| Task brief |
Please write out exactly, without any picture, each line from the first in the listing through the line that includes "auch ein Nachfolgemodell).".

| Data below |
########################################
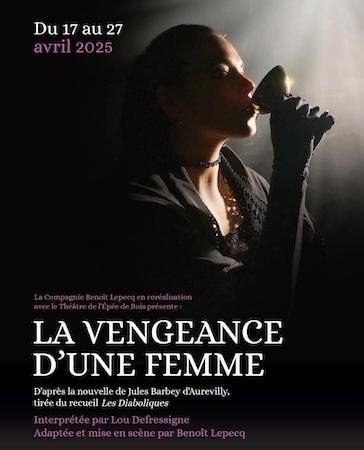La vengeance d’une femme, d’après la nouvelle de Jules Barbey d’Aurevilly tirée du recueil Les diaboliques (1874), est une confession sans absolution, ni de la part du client qui recueille les confidences de cette aristocrate devenue prostituée, ni de la part du public, invité à une cérémonie au parfum de décadentisme. Le péché de la chair n’est pas l’objet de cette pièce, mais l’acte d’amour dans lequel il y a, selon Charles Baudelaire, "une grande ressemblance avec la torture". En faisant le trottoir, l’héroïne travaille à faire perdre l’honneur à son ancien mari (un aristocrate espagnol). Quelles raisons l’obligent à cet épouvantable jeu ? Sanzia-Florinda-Concepcion étale aux yeux des spectateurs effarés son "ciel en creux". Le mot "diabolique" est-il employable pour cette fille des rues dont les turpitudes prouvent la nécessité d’une justice divine ? C’est toute la question de La vengeance d’une femme.
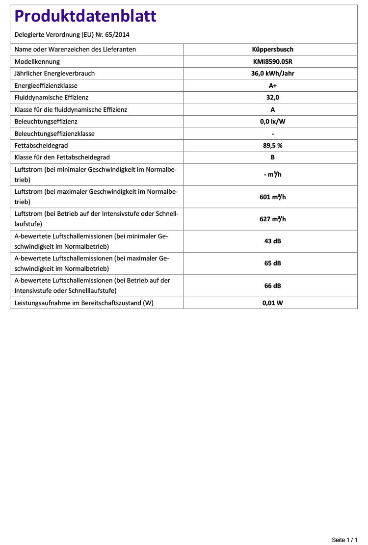 • Austausch gegen einen gleichwertigen oder neuen Artikel Küppersbusch KMI 8590.0 (ggf. auch ein Nachfolgemodell).
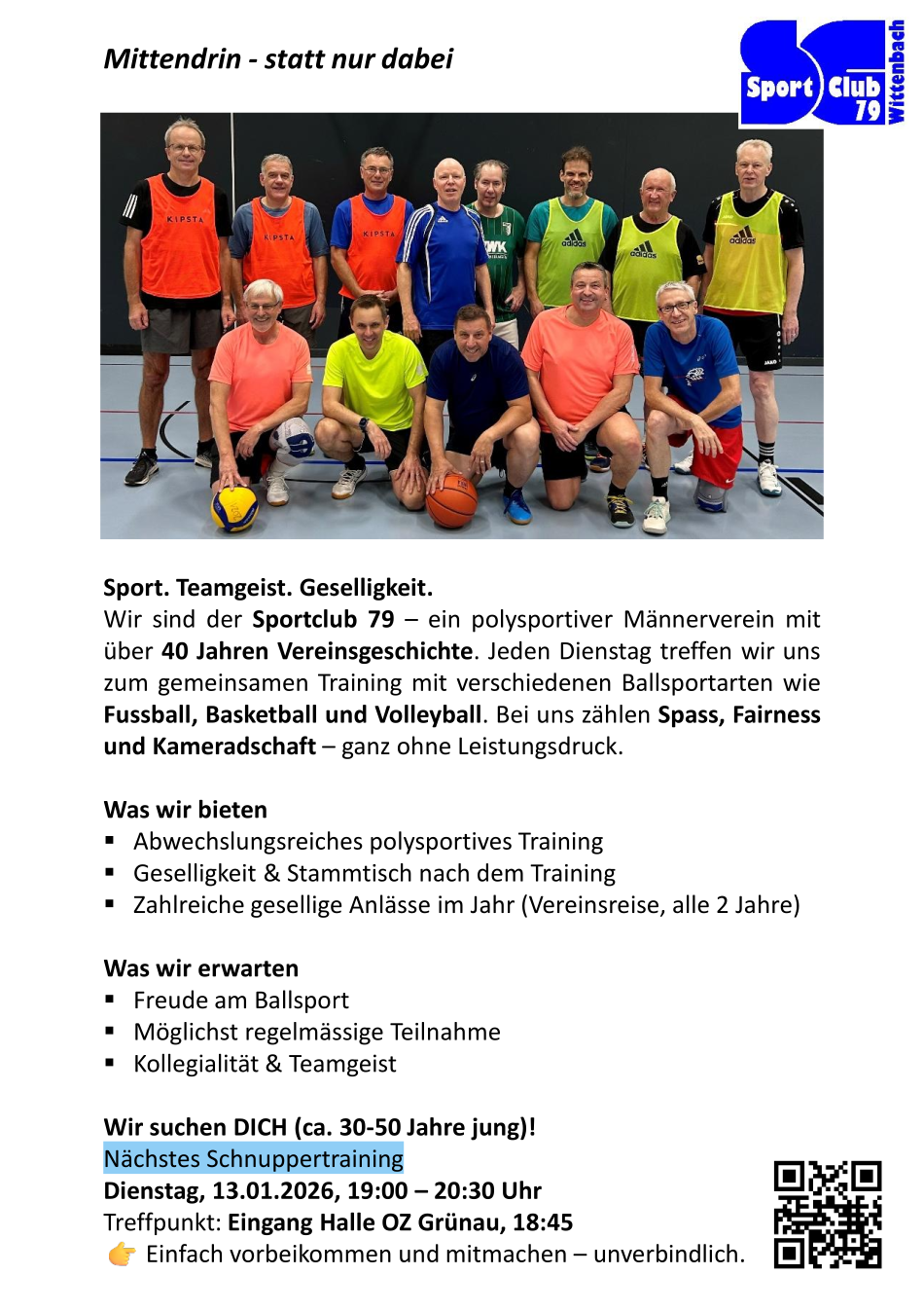 Werde Teil unseres Wittenbacher Traditionsvereins und erlebe mit uns unvergessliche Momente auf und neben dem Spielfeld. Schliesse dich dem SportClub 79 an und lasst uns gemeinsam fit, fair und fröhlich sein!
########################################
| Exercise answer |
La vengeance d’une femme, d’après la nouvelle de Jules Barbey d’Aurevilly tirée du recueil Les diaboliques (1874), est une confession sans absolution, ni de la part du client qui recueille les confidences de cette aristocrate devenue prostituée, ni de la part du public, invité à une cérémonie au parfum de décadentisme. Le péché de la chair n’est pas l’objet de cette pièce, mais l’acte d’amour dans lequel il y a, selon Charles Baudelaire, "une grande ressemblance avec la torture". En faisant le trottoir, l’héroïne travaille à faire perdre l’honneur à son ancien mari (un aristocrate espagnol). Quelles raisons l’obligent à cet épouvantable jeu ? Sanzia-Florinda-Concepcion étale aux yeux des spectateurs effarés son "ciel en creux". Le mot "diabolique" est-il employable pour cette fille des rues dont les turpitudes prouvent la nécessité d’une justice divine ? C’est toute la question de La vengeance d’une femme.
 • Austausch gegen einen gleichwertigen oder neuen Artikel Küppersbusch KMI 8590.0 (ggf. auch ein Nachfolgemodell).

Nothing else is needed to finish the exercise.